No, to do this correctly the latency will be 8ms. If you assume you’ll be scheduled later you risk drop-outs or jitter so that’s the wrong decision.
If you want to do twice as many things at once you end up doing them twice as slowly, that’s how timeslicing works. I’ll show the number of simultaneous execution contexts as X to help with following along, and assume that the above rule of thumb is sufficient, in reality the penalty for having multiple execution contexts is a little higher because of context switches, caches etc.
t=0: A begins filling buffer 1 (X=1)
t=1: Buffer 1 sent to B, B starts filtering (X=1)
t=4: Buffer 1 sent to C && A begins filling buffer 2 (X=2) with two things at once to do, they take twice as long, two milliseconds to do both
t=6: Buffer 1 start being played to the user && buffer 2 sent to B for filtering (X=1) back to just B running for a while at full speed
t=9: Buffer 2 sent to C && A begins filling buffer 3 (X=2) slow mode again, two milliseconds until we’re done
t=10: a PCM buffer underrun occurs
Huh. That didn’t work after all. Well let’s try to shuffle things around.
t=0: A begins filling buffer 1 (X=1)
t=1: Buffer 1 sent to B, B starts filtering (X=1)
t=4: Buffer 1 sent to C && A begins filling buffer 2 (X=2) with two things at once to do, they take twice as long, two milliseconds to do both
t=6: Buffer 1 start being played to the user && buffer 2 sent to B for filtering (X=1)
t=9: Buffer 2 sent to C (X=1) Yay, we cut some corners but now we’ll make it in time!
t=10: Buffer 2 starts being played to the user && A begins filling buffer 3 (X=1)
t=11: Buffer 3 sent to B (X=1)
t=14: a PCM buffer underrun occurs
Still didn’t work.
You can keep re-arranging things all day, but you’re trying to fit 5ms of work into 4ms of time so it won’t fit, no matter what you do.

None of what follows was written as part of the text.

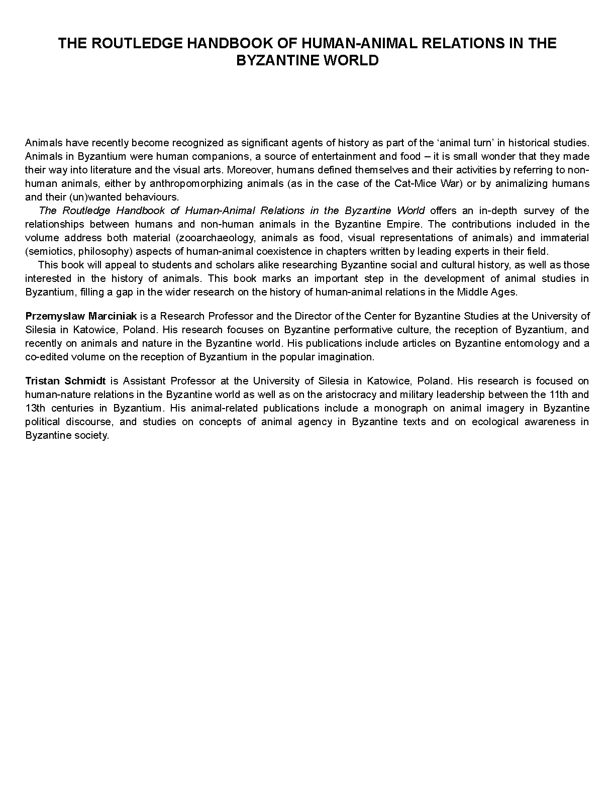 The Routledge Handbook of Human-Animal Relations in the Byzantine World, 1st Edition by Przemysław Marciniak & Tristan Schmidt - 2025/2026 Study Guide for Exam Success

No, only the illusion of concurrency is created, and only at a human timescale, the timeslices are not actually happening simultaneously. And on the scale we’ve been discussing these slices are quite thick, milliseconds like the buffer period. If one node’s thread is pre-empted by another it most likely won’t get another chance until the next period, that doesn’t matter for your example, which is doomed anyway, but it’s important to have it in mind for e.g. graphs where parallel execution is possible within a single buffer period.
It should not take twice as long if the node was written correctly.
A node which told the Media Kit to have 1ms latency, and now suddendly uses 2ms, has run late, it did not keep its “promise” to finish in the designated time. That should be avoided, by choosing latency values correctly.
When a node tells the Media Kit “my latency is 3ms” that should not mean “I need 3ms of exclusive CPU time, all to myself, to process a buffer”. That would indeed be a problem, two such nodes could not work at the same time without running late. But in a multitasking system, you may not assume that you have the CPU all to yourself.
So, the way latencies are estimated by nodes in the Media Kit, is to incorporate the fact that other things are running as well. One way to do it is to e.g. make a preflight to see how fast you can run on the machine and then add headroom on top of that to account for varying machine load.
Thus, two (and more) nodes can work at the same time and both can still meet their timing constraints. Because the latency time is higher than what the node really needs in exclusive CPU time. It must be this way. After all, the CPU is not only shared between all the media nodes, there are other things unrelated to media to do in real-time as well – if you set latencies super-tight then music would stutter just because you multitask!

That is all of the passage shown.